__EXERCISE BRIEF__:
Reproduce exactly the line that contains "The BAK Industries" and every line after it through the end of the records below, leaving out all pictures.

__SUPPLIED RECORDS__:
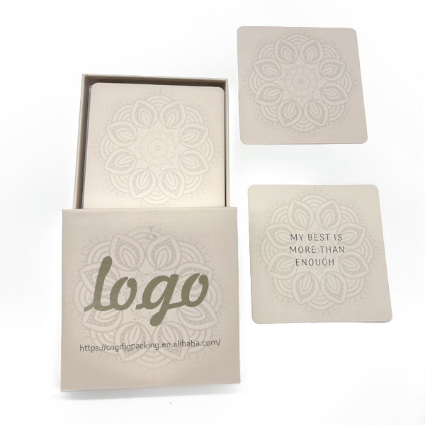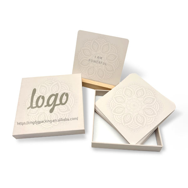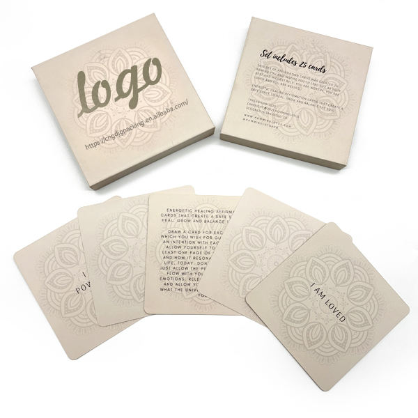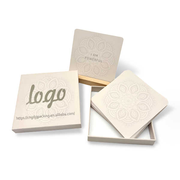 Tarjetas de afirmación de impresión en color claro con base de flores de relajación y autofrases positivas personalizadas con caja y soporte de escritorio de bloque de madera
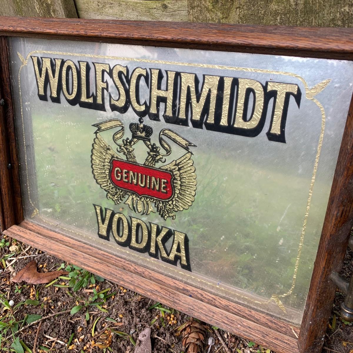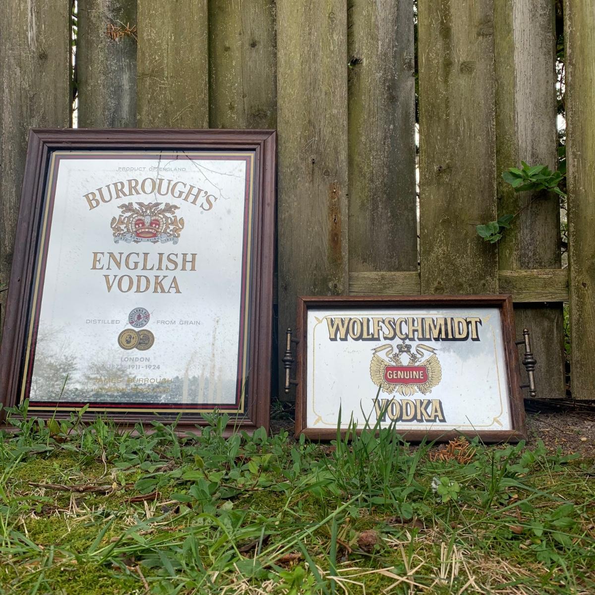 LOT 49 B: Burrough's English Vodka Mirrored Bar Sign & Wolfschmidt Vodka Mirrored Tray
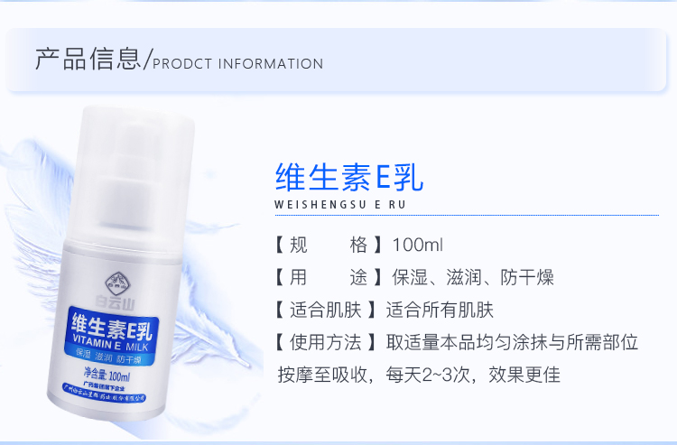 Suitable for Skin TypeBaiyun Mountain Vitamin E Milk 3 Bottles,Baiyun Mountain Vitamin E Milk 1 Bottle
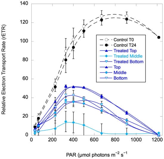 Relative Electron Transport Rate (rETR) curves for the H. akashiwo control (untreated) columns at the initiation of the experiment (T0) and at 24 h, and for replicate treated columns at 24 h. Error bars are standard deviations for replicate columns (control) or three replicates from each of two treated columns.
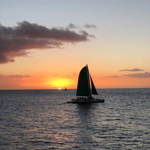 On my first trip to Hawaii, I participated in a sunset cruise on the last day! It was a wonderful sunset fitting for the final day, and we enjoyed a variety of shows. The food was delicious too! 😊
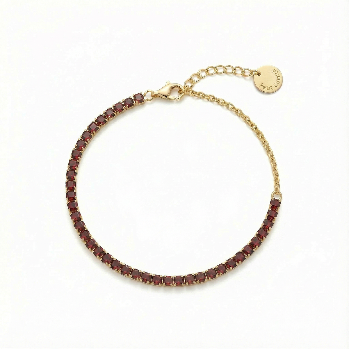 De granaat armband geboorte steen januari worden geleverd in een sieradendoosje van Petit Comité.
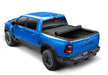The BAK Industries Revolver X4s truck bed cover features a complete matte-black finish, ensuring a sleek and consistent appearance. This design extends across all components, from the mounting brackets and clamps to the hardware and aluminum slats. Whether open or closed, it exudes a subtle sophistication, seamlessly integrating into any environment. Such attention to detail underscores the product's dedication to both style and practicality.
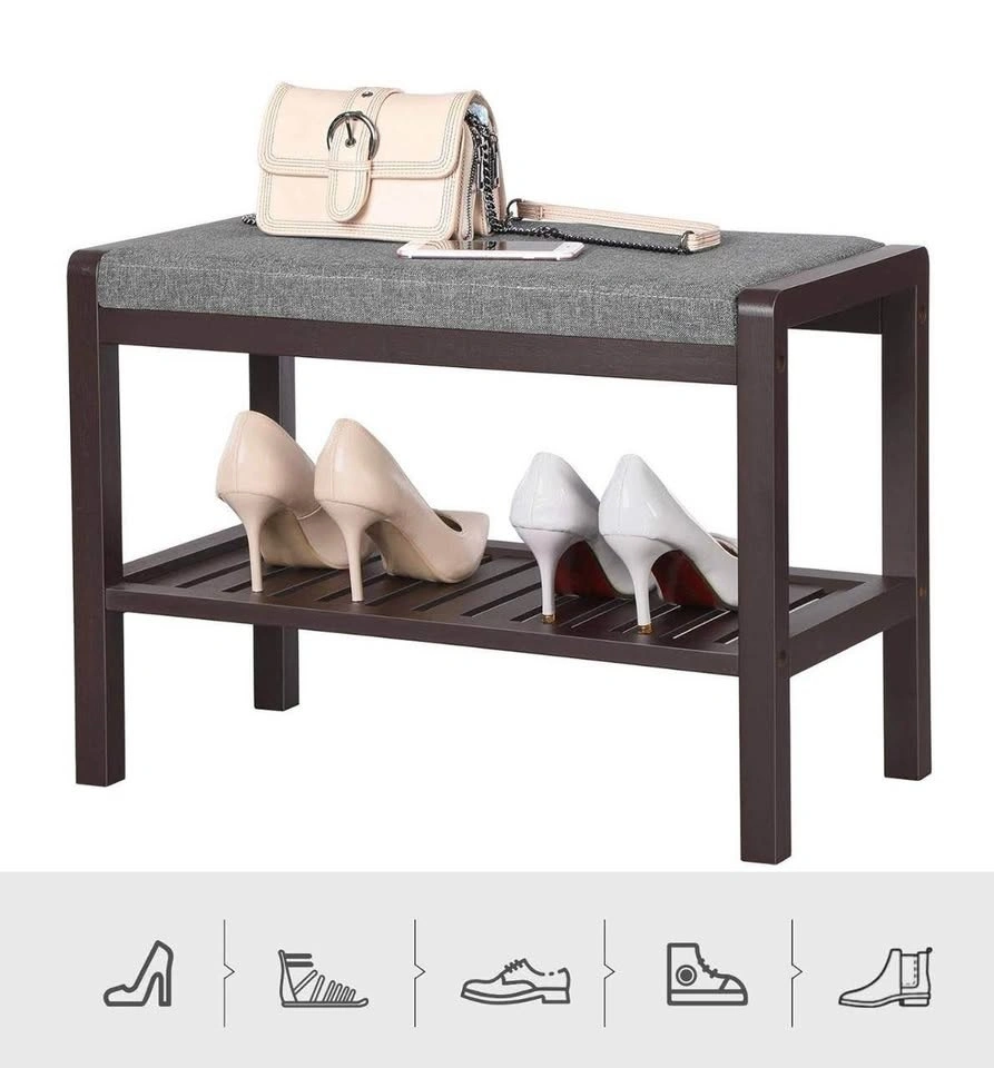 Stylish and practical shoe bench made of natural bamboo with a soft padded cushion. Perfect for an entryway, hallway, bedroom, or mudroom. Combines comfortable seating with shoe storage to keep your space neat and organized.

__TASK RESULT__:
The BAK Industries Revolver X4s truck bed cover features a complete matte-black finish, ensuring a sleek and consistent appearance. This design extends across all components, from the mounting brackets and clamps to the hardware and aluminum slats. Whether open or closed, it exudes a subtle sophistication, seamlessly integrating into any environment. Such attention to detail underscores the product's dedication to both style and practicality.
 Stylish and practical shoe bench made of natural bamboo with a soft padded cushion. Perfect for an entryway, hallway, bedroom, or mudroom. Combines comfortable seating with shoe storage to keep your space neat and organized.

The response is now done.